> [GIVEN DATA]
------------------------------------

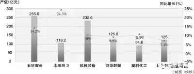 從六大產(chǎn)業(yè)分析來看,1-6月,石材陶瓷產(chǎn)值255.6億元,同比增長14.2%;水暖廚衛(wèi)產(chǎn)值118.2億元,同比增長24.3%;機(jī)械裝備產(chǎn)值232.6億元,同比增長10%;紡織鞋服產(chǎn)值125.8億元,同比增長8.5%;塑料化工產(chǎn)值94.6億元,同比增長10.5%;日用輕工產(chǎn)值125億元,同比增長7.4%。
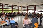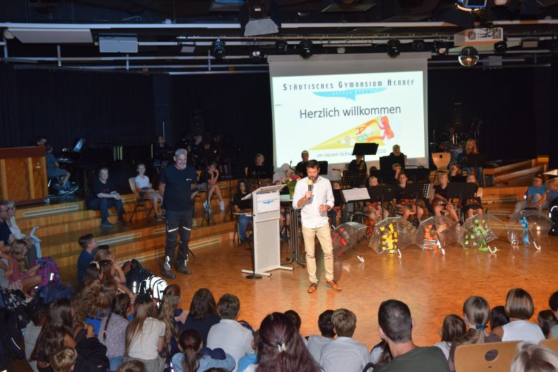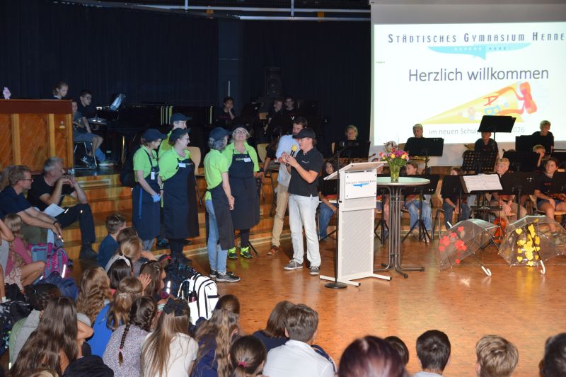 Der Tag begann um 10.15 Uhr mit einem festlichen Einschulungsgottesdienst in der Kirche St. Simon und Judas, an dem das Klassenlehrerteam teilnahm. Anschließend fand um 11.20 Uhr die feierliche Aufnahmeveranstaltung im Pädagogischen Zentrum (PZ) statt. Dort richteten die Schulleitung, Frau Glaser und Herr Heiseke, der Erprobungsstufenkoordinator, Herr Braun, die KlassenlehrerInnen und die Paten herzliche Willkommensworte an die 143 neuen Schülerinnen und Schüler.
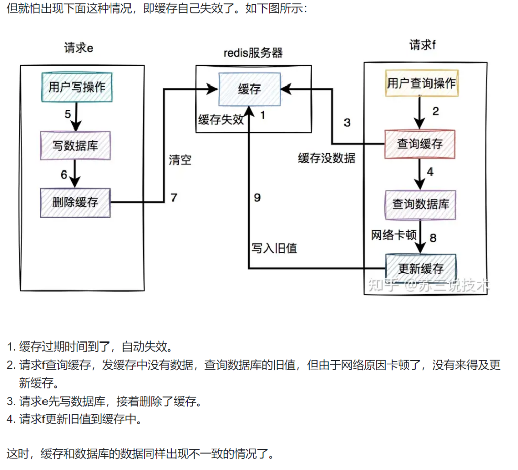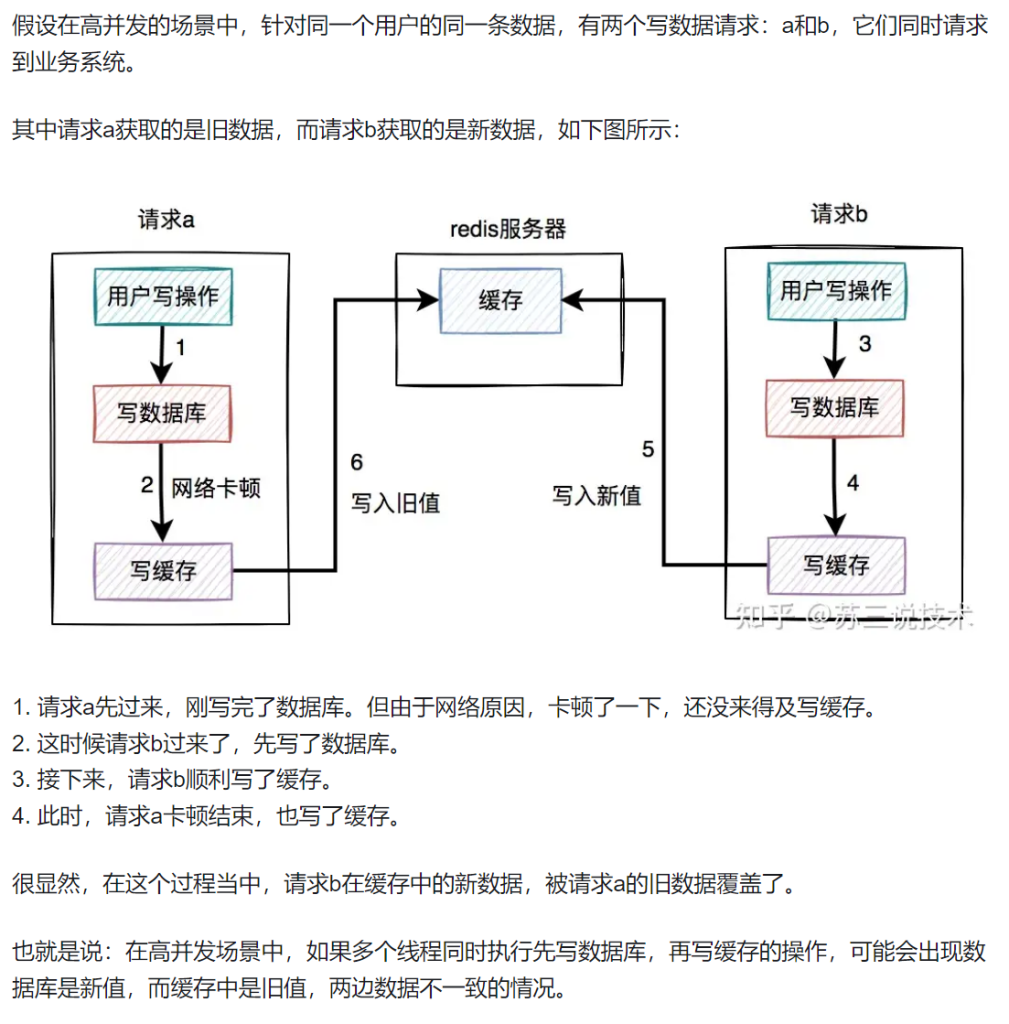 据,直到缓存过期。相比之下,“先更新数据库,再删除缓存”可以在某种程度上避免这种情

------------------------------------

> [PROBLEM TO SOLVE] Give the listing again in full, exactly as it is, but without its images.

> [SOLUTION BELOW]
 從六大產(chǎn)業(yè)分析來看,1-6月,石材陶瓷產(chǎn)值255.6億元,同比增長14.2%;水暖廚衛(wèi)產(chǎn)值118.2億元,同比增長24.3%;機(jī)械裝備產(chǎn)值232.6億元,同比增長10%;紡織鞋服產(chǎn)值125.8億元,同比增長8.5%;塑料化工產(chǎn)值94.6億元,同比增長10.5%;日用輕工產(chǎn)值125億元,同比增長7.4%。
 Der Tag begann um 10.15 Uhr mit einem festlichen Einschulungsgottesdienst in der Kirche St. Simon und Judas, an dem das Klassenlehrerteam teilnahm. Anschließend fand um 11.20 Uhr die feierliche Aufnahmeveranstaltung im Pädagogischen Zentrum (PZ) statt. Dort richteten die Schulleitung, Frau Glaser und Herr Heiseke, der Erprobungsstufenkoordinator, Herr Braun, die KlassenlehrerInnen und die Paten herzliche Willkommensworte an die 143 neuen Schülerinnen und Schüler.
 据,直到缓存过期。相比之下,“先更新数据库,再删除缓存”可以在某种程度上避免这种情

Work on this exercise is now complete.